#### SOURCE DATA
____________________

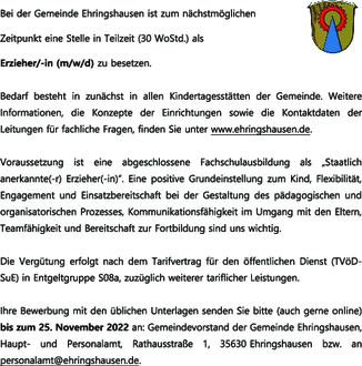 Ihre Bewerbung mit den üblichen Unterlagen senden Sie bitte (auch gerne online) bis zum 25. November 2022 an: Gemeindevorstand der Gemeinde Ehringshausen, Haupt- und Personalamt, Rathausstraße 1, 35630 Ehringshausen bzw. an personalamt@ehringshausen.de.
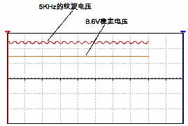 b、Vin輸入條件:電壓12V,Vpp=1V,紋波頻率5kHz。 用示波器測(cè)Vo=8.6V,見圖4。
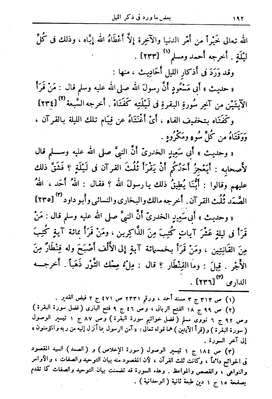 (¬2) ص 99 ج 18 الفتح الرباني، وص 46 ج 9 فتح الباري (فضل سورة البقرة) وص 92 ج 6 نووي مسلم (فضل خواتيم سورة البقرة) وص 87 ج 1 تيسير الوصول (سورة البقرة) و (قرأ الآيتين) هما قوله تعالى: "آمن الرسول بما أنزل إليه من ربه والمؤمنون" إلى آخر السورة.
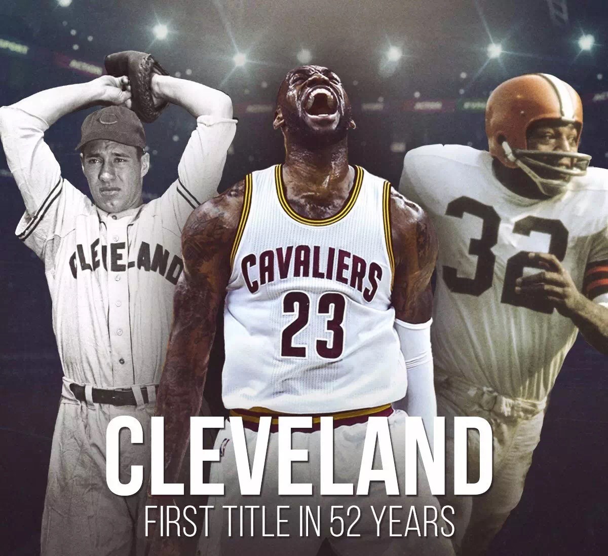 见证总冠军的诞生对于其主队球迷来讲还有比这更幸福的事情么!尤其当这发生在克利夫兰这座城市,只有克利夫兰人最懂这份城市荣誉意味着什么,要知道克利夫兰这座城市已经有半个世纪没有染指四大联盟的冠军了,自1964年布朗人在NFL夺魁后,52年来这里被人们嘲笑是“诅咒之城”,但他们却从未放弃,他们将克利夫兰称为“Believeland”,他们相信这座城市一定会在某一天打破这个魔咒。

____________________

#### WHAT TO WORK ON
Your copy should hold exactly the lines from the line containing "(¬2) ص 99 ج" through the last line of the listing above, both included, and no pictures.

#### OUTPUT OF THE EXERCISE
 (¬2) ص 99 ج 18 الفتح الرباني، وص 46 ج 9 فتح الباري (فضل سورة البقرة) وص 92 ج 6 نووي مسلم (فضل خواتيم سورة البقرة) وص 87 ج 1 تيسير الوصول (سورة البقرة) و (قرأ الآيتين) هما قوله تعالى: "آمن الرسول بما أنزل إليه من ربه والمؤمنون" إلى آخر السورة.
 见证总冠军的诞生对于其主队球迷来讲还有比这更幸福的事情么!尤其当这发生在克利夫兰这座城市,只有克利夫兰人最懂这份城市荣誉意味着什么,要知道克利夫兰这座城市已经有半个世纪没有染指四大联盟的冠军了,自1964年布朗人在NFL夺魁后,52年来这里被人们嘲笑是“诅咒之城”,但他们却从未放弃,他们将克利夫兰称为“Believeland”,他们相信这座城市一定会在某一天打破这个魔咒。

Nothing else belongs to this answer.